Der Angeklagte kommt mit einem Team von drei Verteidigern zum Prozess. Foto: dpa/Bernd Weißbrod

Der höchste Polizeibeamte des Landes steht wegen des Vorwurfs sexueller Nötigung vor Gericht. Sein Anwaltsteam verfolgt eine klare Strategie.

In Gerichtssälen wird für gewöhnlich viel gefragt und geantwortet. Doch im Prozess gegen Andreas Renner, den Inspekteur der Polizei in Baden-Württemberg, wegen sexueller Nötigung ist am Freitag mehrere Stunden lang geschwiegen worden, und so geht es auch am Dienstag, dem zweiten Verhandlungstag, zunächst weiter. Denn die Kammer wird weitere Videos aus einer Cannstatter Kneipe zeigen, die aus der Nacht stammen, in der es laut einer Polizeibeamtin zu dem Übergriff gekommen sein soll. Während der ersten Vorführung von Aufnahmen aus diesem Lokal war es am Freitag still geblieben. Ausgesagt hat an diesem ersten Tag die Kommissarin, die den Inspekteur angezeigt hat.

 

Hatte die Frau berufliche Nachteile zu befürchten?

Dem Inspekteur wirft die Anklage vor, in der Nacht vom 12. auf den 13. November in und vor dieser Kneipe eine 34 Jahre alte Kommissarin, die sich für den höheren Polizeidienst bewerben wollte, zu sexuellen Handlungen genötigt haben. Er soll sie in der Kneipe geküsst haben. Bei einem kurzen Gang an vor die Tür des Lokals soll er sie zudem gedrängt haben, ihn im entblößten Intimbereich anzufassen. Die Frau gab hinterher zu Protokoll, sie habe sich dagegen nicht gewehrt, weil sie berufliche Nachteile befürchtet hatte. Der Inspekteur ist schließlich der höchste Polizeibeamte im Land, und er hatte über die anstehende Bewerbung der Frau auf einen Studienplatz für den höheren Dienst mitzuentscheiden. Die Verteidigung will einen Freispruch erreichen.
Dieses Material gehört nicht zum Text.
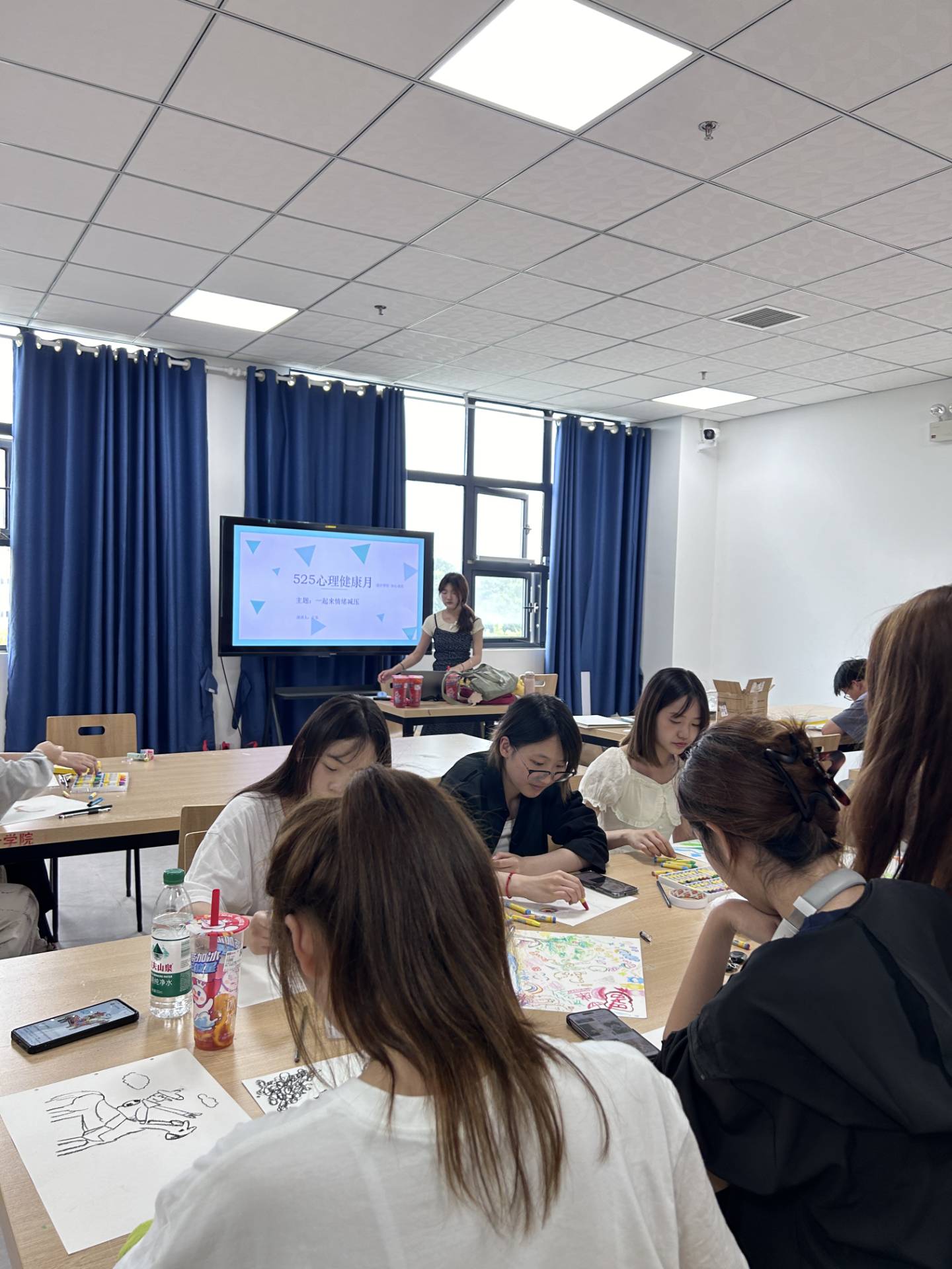 本次活動旨在通過繪畫,幫助學生放松身心,緩解壓力。活動伊始,由王樂同學介紹了本次活動流程。她向同學們認真介紹,一是參與者選擇適合自己的繪畫方式。比如水彩、油畫、素描等等讓自己更加享受繪畫的過程。二是放松身心。在繪畫之前,可以先進行一些放松的活動,比如深呼吸、冥想等等,讓自己的身心得到放松。三是自由創作。在繪畫的過程中,不要過于拘泥于細節和技巧,可以自由發揮,隨意創作。這樣可以讓自己更加放松,享受繪畫的樂趣。四是關注當下。在繪畫的過程中,可以專注于當下的感受和體驗,不要過于擔心結果和評價。這樣可以讓自己更加放松,享受繪畫的過程。五是與他人分享。可以將自己的作品與他人分享,這樣可以增加自己的自信心和滿足感,同時也可以獲得他人的鼓勵和支持。活動中,同學們認真繪畫,把壓力具體化、形象化,之后同學們互相交流分享,效果良好。

Am ersten Verhandlungstag ist im öffentlichen Teil der Sitzung noch nicht viel verhandelt worden, aber einiges geschehen. So hatte die Verteidigung eine Erklärung im Namen ihres Mandanten Andreas Renner vorbereitet. Weil diese aber auch Details enthielt, die das Intimleben der Frau betrafen, trugen Ricarda Lang und ihr Team sie hinter verschlossenen Türen vor – die Öffentlichkeit war ausgeschlossen. Doch noch während die Verhandlung lief, waren Inhalte der Erklärung jedoch im Internet auf einer Nachrichtenseite nachzulesen gewesen. Unter anderem sei darin die Polizistin der Lüge bezichtigt worden. Die Initiative für die Küsse und Intimitäten, die schon vor der Überwachungskamera in der Eckkneipe stattgefunden hatten, seien von der Kommissarin ausgegangen, den Vorgesetzten treffe keine Schuld. Das gelte auch für den Übergriff vor dem Lokal, während dem der Inspekteur auch uriniert haben soll.

Am Ende des ersten Teils der Videos aus der Kneipe tat die Anwältin Ricarda Lang ihre Einschätzung kund: „Keinerlei strafbare Handlung“ habe sie da entdecken können. Sie ging noch weiter. Als der Vorsitzende Richter der 5. Großen Strafkammer sagte, man werde am Dienstag nicht den ganzen Tag verhandeln können, da einer der Anwälte aus Renners Team am Nachmittag einen weiteren Termin habe, und er deswegen die für diesen Tag vorgesehenen Zeugen abgeladen habe, merkte die Verteidigerin an: „Vielleicht brauchen wir die auch gar nicht mehr.“ Ihrer Ansicht nach reichen offenbar die bislang bekannten Tatsachen aus, um einen Freispruch für ihren Mandanten zu fordern.